The Napkin Representation
Anita M. S. Richards
a.m.s.richards at manchester.ac.uk
Tue Jul 3 08:23:37 PDT 2007
Silvia, Roy et al.,
It seems to me that there are two approaches here - one from the point of
view of people interested mainly in the time domain behaviour of variable
or erruptive sources, or of data (e.g. Solar) where the viewpoiint changes
as a function of time. The other aspect is those of us who are venturing
into the time domain as high angular resolution or sensitivity reveals
variability or allows us to study it - alongside other multi-wavelength
properties. That's what I am more familiar with, and variability is
usually a different function of time at different wavelengths - the sort
of thing that the Characterisation model should be able to cope with for
>> 2. The simplest time series table consists of 2 columns only: one
>> giving the time and one giving the observable that is varying in time.
>> Is the new representation aimed only at this very simple time series?
> The motivation above would mean that the observable is a photon flux through
> a given transmission filter, expressed as magnitude or Jansky. So the current
> target is not about the general "time series", but rather about the much more
> specific "light curve".
Two issues - if we are allowing magnitudes, can we also allow X-ray
counts? (I would like to see all data calibrated in physical units, but it
ain't, and for the history of variable objects, when there are very few
X-ray telescopes, we ahve to take what we can get).
Secondly, typically I want to label data with the waveband (radio) and
with the observing wavelength or wavelength interval (or better still
frequency, but that's not important) - there might be several observations
at one wavelength and several at another. Would this have to be in
separate data sets with the wavelength information in a header-type
structure, or in a 3rd column? If in a header-type structure, i.e.
keepinf 2 columns only, then it is even more important to maintain a
header structure which existing VO tools of all kinds will recognise.
>> For those that were not at the HTN meeting it would be useful to know
>> what are the objections against using a VOtable representation.
> Many people prefer a more rigid schema than VOTable provides, a more pure XML
> model. But I do not see VOTable as a necessary part of a standard, it is just
> a representation. It is the names of quantities and what they mean, that is
> the important part.
I am very very wary of additional formats; this has been suggested be fore
but the beauty of VOTable is precisely that it is very simple and the
average astronomer in the wild can get to grips with it, whereas the full
complexity of XML scares us off. More imporantly, VOTable is so widely
used that there are many tools in both astronomy adn solar physics which
use it.
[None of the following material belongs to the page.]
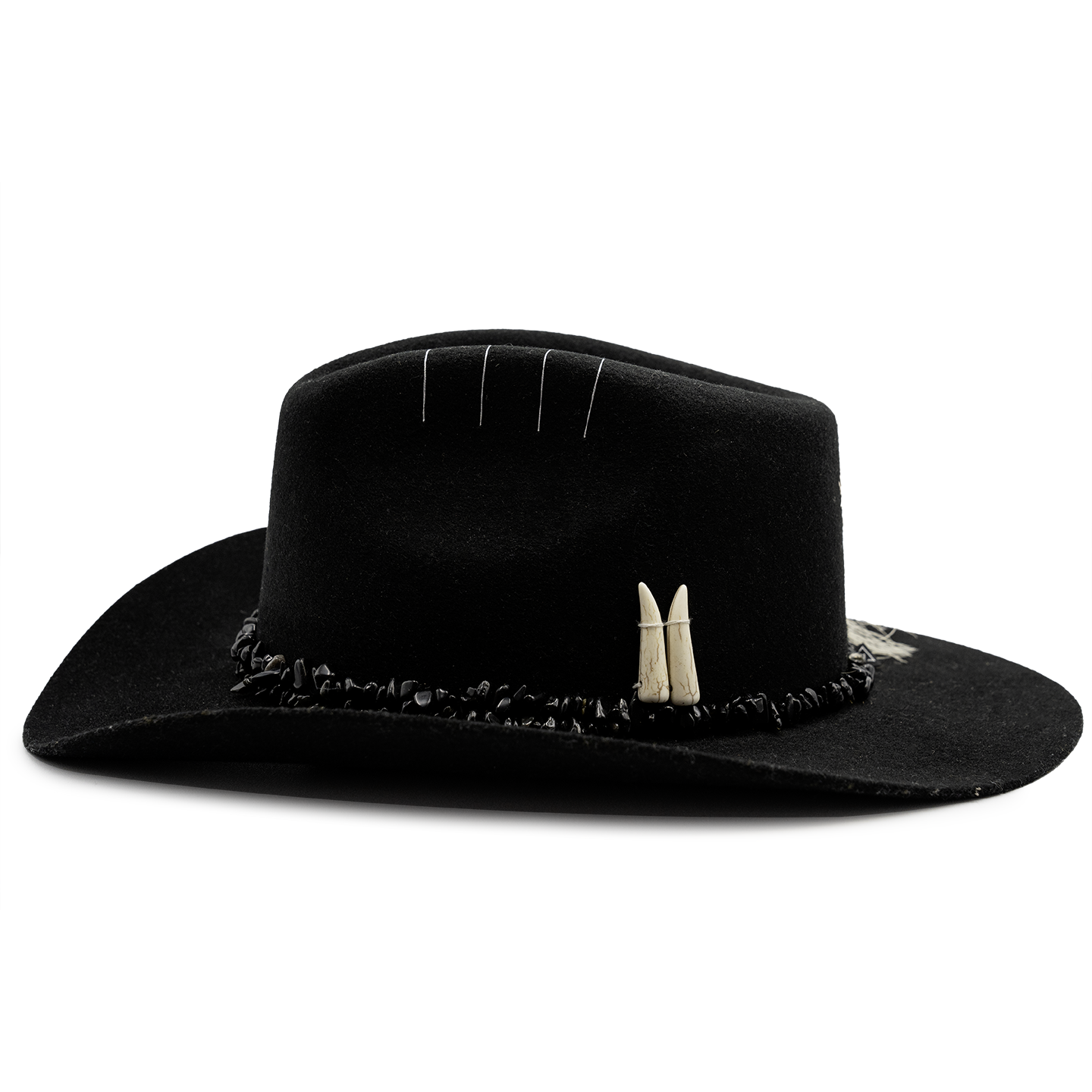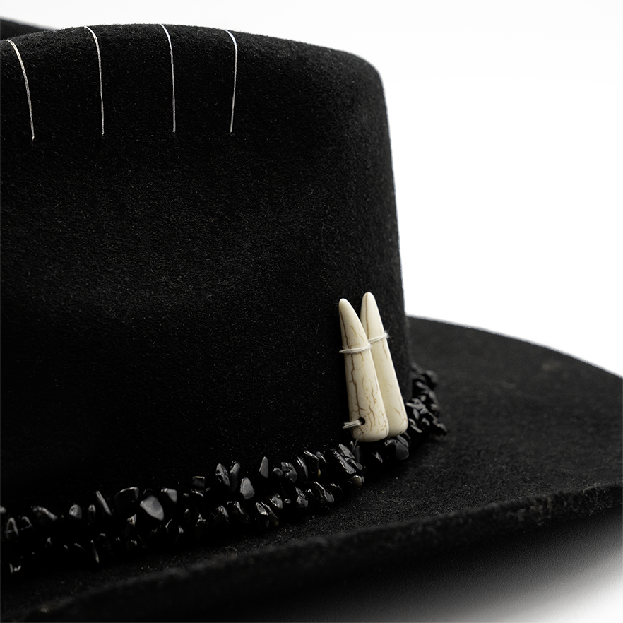 Sombrero 100% hecho a mano de lana levantadita con collares de hilo de cuarzo rosa, detalles bordados y plumas de pavo real blanco, gallina de guinea y pluma de ganso plateada.

For example, one of the students here has just written a package
to raid the MERLIN archive for all data on X-ray binaries, process the
data with parselTongue, and convert the output to a VOTable of variability
(flux density v. time at various frequencies) which can then be merged or
compared with variability data from other observatories. The point is,
that this is not someone starting with the intention of using VO tools, it
is someone who happens to find them more useful that the alternatives,
since VOTables are more likely than any other format to be produced by the
other data providers and recognised by the tools he wants to use... so he
is surely not the only one.
Any format can be used within an observatory, etc., but whilst Roy is
technically correct to say
> Think of translating base 2 numbers to base 10, it is
> easy to do, it is just representation.
in practice, - as he said earlier - every extra bit of complication is
another pain in the posterior and a deterent to the casual user to string
another command in their workflow - and more seriously, every format
conversion is another opportunity to lose metadata.
So, I would argue that any format in which data are published should be
intelligible to tools which handle VOTables, without any special extra
tools, and that all the essential metadata defined in IVOA standards is
preserved in the VOTables.
- - - - - - - - - - - - - - - - - - - - - - - - - - - - - - - - - - - - -
Dr. Anita M. S. Richards, AstroGrid Astronomer
MERLIN/VLBI National Facility, University of Manchester,
Jodrell Bank Observatory, Macclesfield, Cheshire SK11 9DL, U.K.
tel +44 (0)1477 572683 (direct); 571321 (switchboard); 571618 (fax).